What is EUTR?
EUTR is the acronym for ‘European Union Timber Regulation’. This European legislation prohibits the marketing of illegally harvested wood.
From the 3rd of March 2013, all companies within the EU that come into contact with the trade in wood, wood fiber, or products thereof, must comply with a number of requirements set within the EUTR.
The EUTR makes a distinction between companies that place the timber on the European market for the first time (Operators/Market participants) and the companies that sell these products (Traders).
What are EUTR Operators / Market participants?
Within the EUTR context, Operators or Market participants are companies who import wood (or products containing wood) from outside of the EU and place it on the European market.

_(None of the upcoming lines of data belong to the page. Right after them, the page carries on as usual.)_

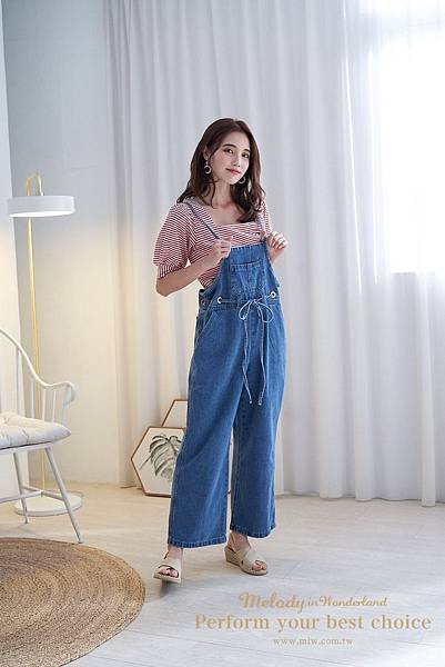 ①B1907-167 抽繩造型吊帶寬褲-穿M舒適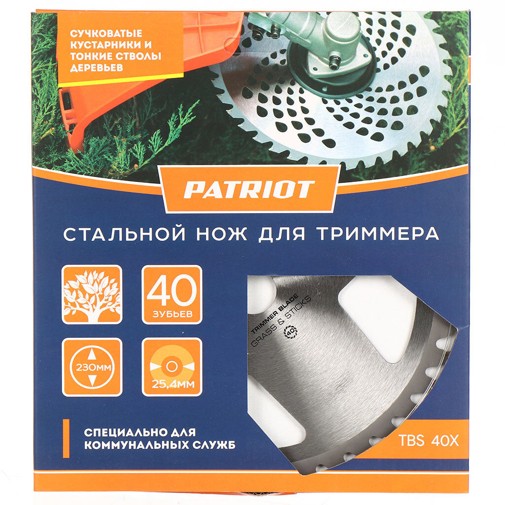 Нож PATRIOT TBS-40 X предназначен для кошения жесткой травы и кустарников.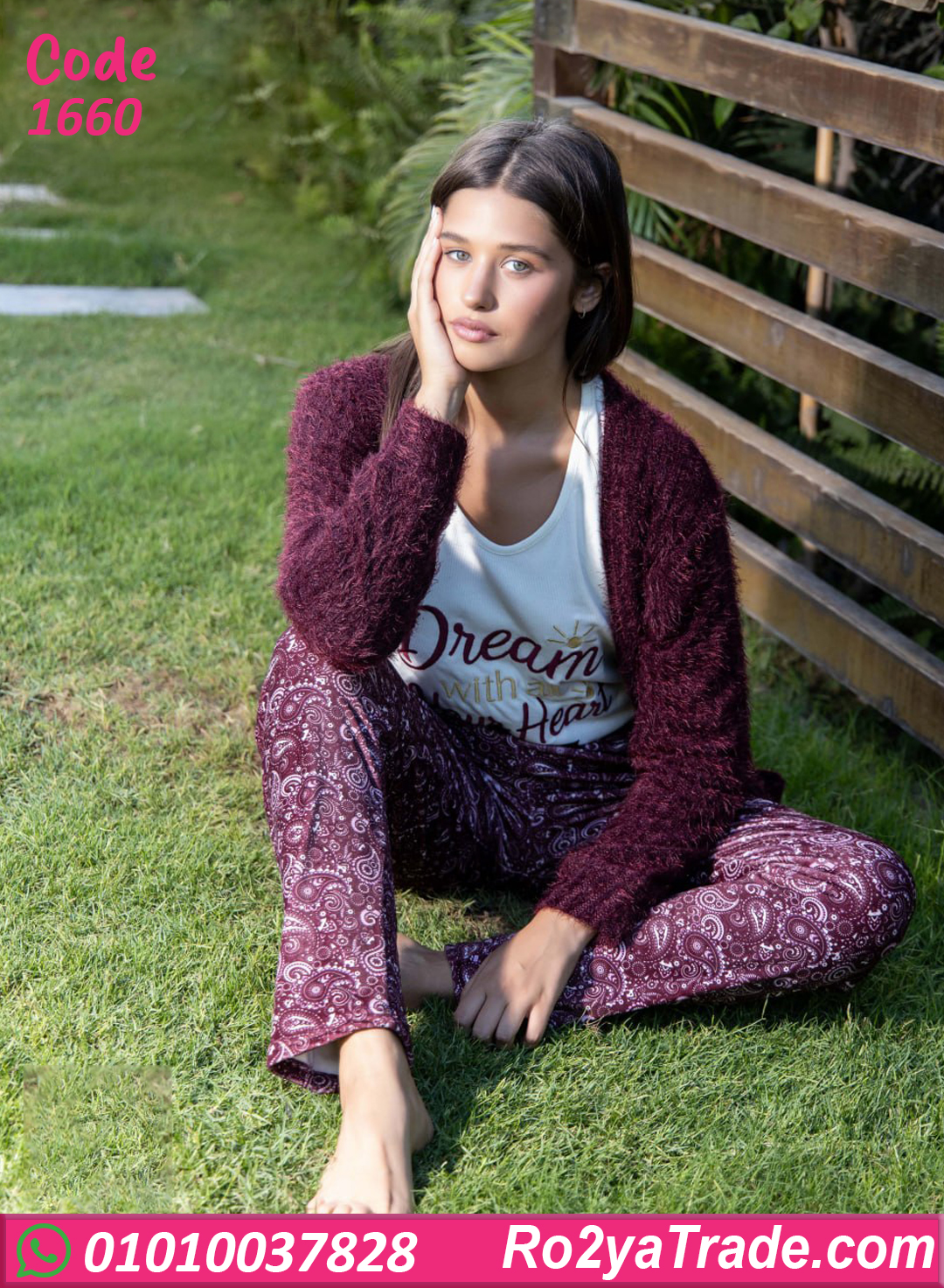 بيجامة حريمي شتوي 3 قطع – كود 1660
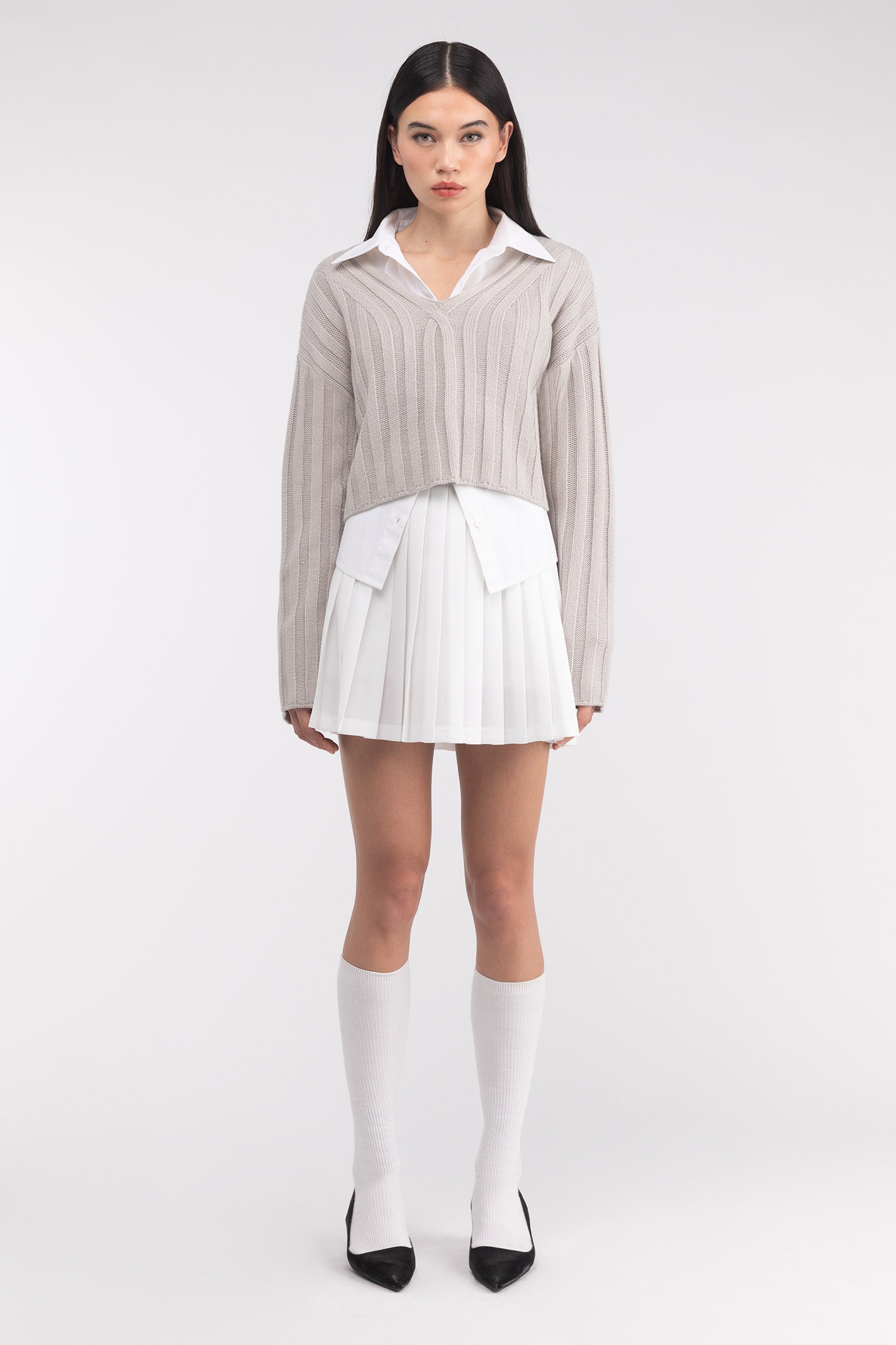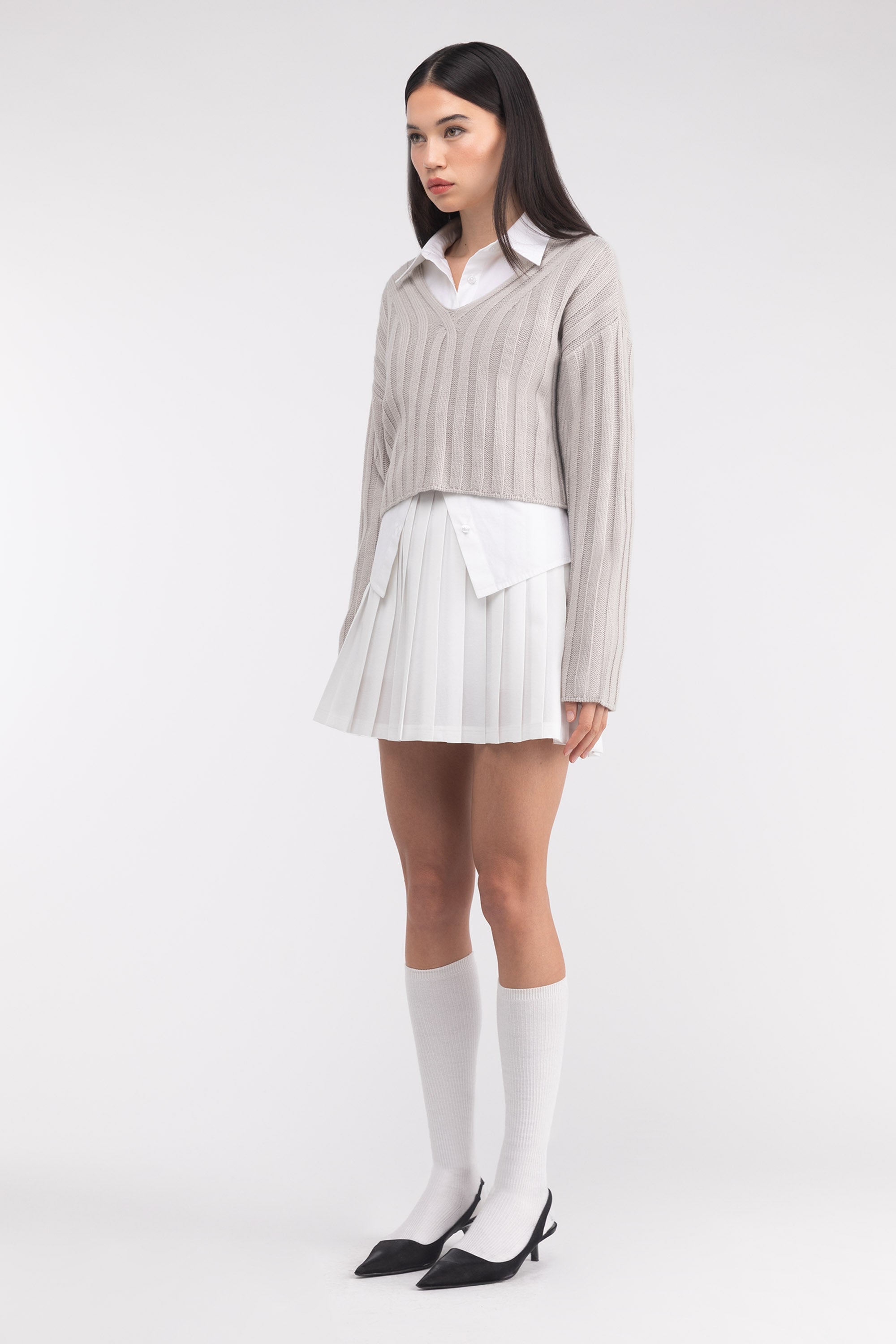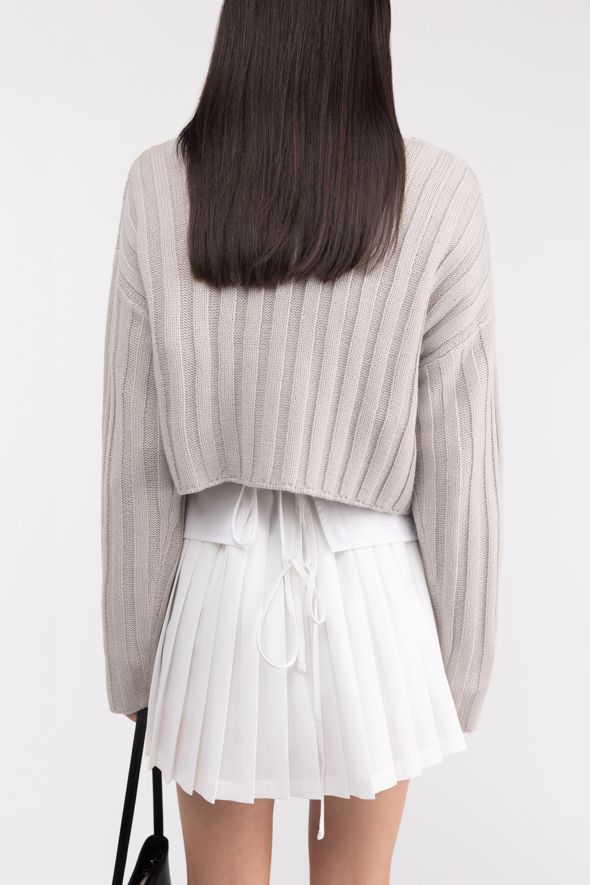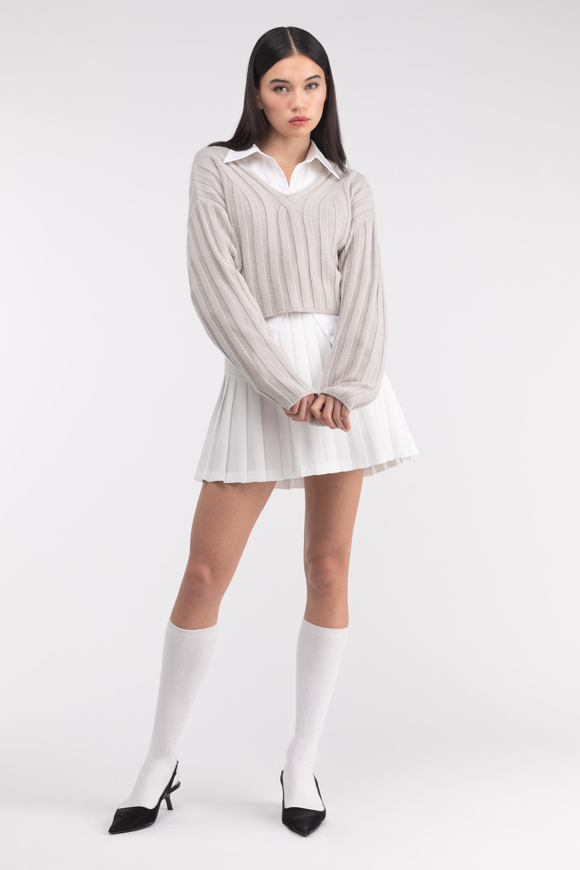 This cropped sweater is made in a relaxed fit and has a unique ribbed knit design. It has dropped shoulders and a subtle V-neckline. Wear yours with a mini skirt and boots.

These companies who place these products on the European market, in most cases the importer, are obliged to have a Due Diligence System in place to prove that the wood does not originate from illegal harvesting or trade.
The Due Diligence System (DDS) describes for example which information is being collected in which way, the associated risks and the related risk mitigating measures which have been put in place.
For each product that falls under the EUTR regulation, the risk of being associated with illegal harvesting needs to be negligible at the moment it enters the European market.
What are EUTR Traders?
Companies further down the supply chain are being called “Traders”. The EUTR also enforces requirements upon these companies.
The main requirement is the registration of the products purchased and sold. Traders are not required to have the aforementioned DDS in place. Obviously it is imperative for traders to ensure the legal sourcing of the purchased wood (products). Because, when the seller up in the supply chain does not comply with the EUTR requirements, the trader might be held responsible for the collateral damage.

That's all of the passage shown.